For Ambassador seeds, total condensed tannins were significantly and positively correlated with SSC (r2 = 0.131), chlorophyll b concentration (r2 = 0.128) and total chlorophyll concentration (r2 = 0.109). For Premium seeds, total condensed tannins were not significantly correlated with other parameters (Table 5).
For Ambassador seeds, FRAP was positively correlated with K concentration (r2 = 0.109) and protein concentration (r2 = 0.123), while it was negatively correlated with Ca concentration (r2 = 0.239). For Premium seeds, ABTS was positively correlated with protein concentration (r2 = 0.355) and total condensed tannins (r2 = 0.157), while it was negatively correlated with chlorophyll a concentration (r2 = 0.317) and total chlorophyll concentration (r2 = 0.126). FRAP showed a positive correlation with chlorophyll a concentration (r2 = 0.276), and a negative correlation with Mg (r2 = 0.202) and protein concentrations (r2 = 0.367) (Table S2).
For Ambassador, Mg concentration was significantly and negatively correlated with seed dry matter (r2 = 0.360), number of seeds/pod (r2 = 0.241), pod length (r2 = 0.230) and pod perimeter (r2 = 0.516). A significant and negative correlation was also found between protein concentration and number of seeds/pod (r2 = 0.124) and pod perimeter (r2 = 0.249). Na concentration showed a significant and positive correlation with seed dry matter (r2 = 0.245). Chlorophyll a concentration was significantly and positively correlated with seed dry matter (r2 = 0.116), number of seeds/pod (r2 = 0,176) and pod perimeter (r2 = 0.119). A significant and positive correlation was also found between total condensed tannins and pod length (r2 = 0.106) and pod perimeter (r2 = 0.199). For Premium, Ca concentration was significantly and positively correlated with seed dry matter (r2 = 0.170) and pod perimeter (r2 = 0.282). Chlorophyll a concentration showed a significant and positive correlation with seed dry matter (r2 = 0.191) and pod perimeter (r2 = 0.605). A significant and positive correlation was also found between total chlorophyll concentration and pod perimeter (r2 = 0.205). Mg concentration was significantly and negatively correlated with seed dry matter (r2 = 0.187) and pod perimeter (r2 = 0.484). A significant and negative correlation was also found between protein concentration and seed dry matter (r2 = 0.315) and pod perimeter (r2 = 0.733) (Table S3).
4. Discussion
In the present work, the impact of foliar-applied selenate and zinc oxide at the flowering stage on two pea varieties (Ambassador and Premium) was studied, and the concentrations of selected macrominerals, macronutrients and bioactive compounds were evaluated in seeds. Treatments had no beneficial effect on concentrations of macrominerals, while they, in part, though not consistently, enhanced concentrations of Mg, protein and chlorophyll a (Table 1, Table 2 and Table 3 and Figure 1).

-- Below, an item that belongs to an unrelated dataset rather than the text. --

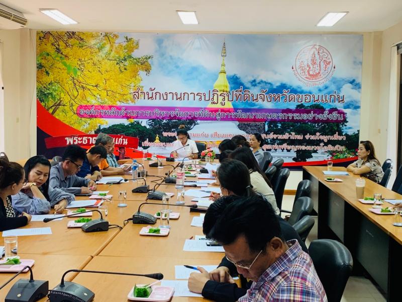 วันศุกร์ที่ 1 มีนาคม 2562 นางสาวประนอม ศรทิพย์ ปฏิรูปที่ดินจังหวัดขอนแก่น จัดประชุมสำนักงาน ประจำเดือนมีนาคม โดยมีข้าราชการ พนักงานราชการ เจ้าหน้าที่ ของสำนักงานการปฏิรูปที่ดินจังหวัดขอนแก่น (ส.ป.ก.ขอนแก่น) เข้าร่วมประชุมเพื่อปฏิบัติภารกิจและติดตามผลการดำเนินงาน ให้สามารถบรรลุวัตถุประสงค์ภายใต้กรอบภารกิจของ ส.ป.ก. ได้ตามกำหนด และเพื่อให้เกิดความร่วมมือในองค์กร หน่วยงานต่างๆ และประชาชน

Pea was used in the study, as it is an important legume and staple food crop, contributing to food security. Ambassador and Premium were employed due to their high-yielding performance. In addition, previous studies demonstrated that dark-seeded varieties of pea have a large capacity for accumulating phenolics [26,27,28,29]. Selenium and zinc solutions were foliar applied as this strategy limited the impact of soil conditions on interactions between the examined elements. Foliar fertilization with selenate was employed due to its high effectiveness [30]. While not essential for higher plants, Se at low concentrations may positively affect plant growth, development and yield, and improves resistance to abiotic stresses [31]. Zinc oxide was examined in accordance with agro-industry recommendations. In contrast to Se, Zn is an essential trace element for plant life [32]. Macrominerals, macronutrients and bioactive compounds were investigated, which are important for plant growth and/or are associated with human health effects.
Our research already revealed that foliar application of sodium selenate enhanced seed Se accumulation in both pea varieties dose-dependently. Premium variety showed greater ability to accumulate Se in seeds than Ambassador variety. Highest Se accumulation was reported in seeds of Premium upon application of 100 g Se/ha (7.84 mg/kg vs. the control (0.16 mg/kg), DW). Contrarily, seed Zn accumulation was not significantly influenced by the foliar application of zinc oxide (unpublished results) (Table S1).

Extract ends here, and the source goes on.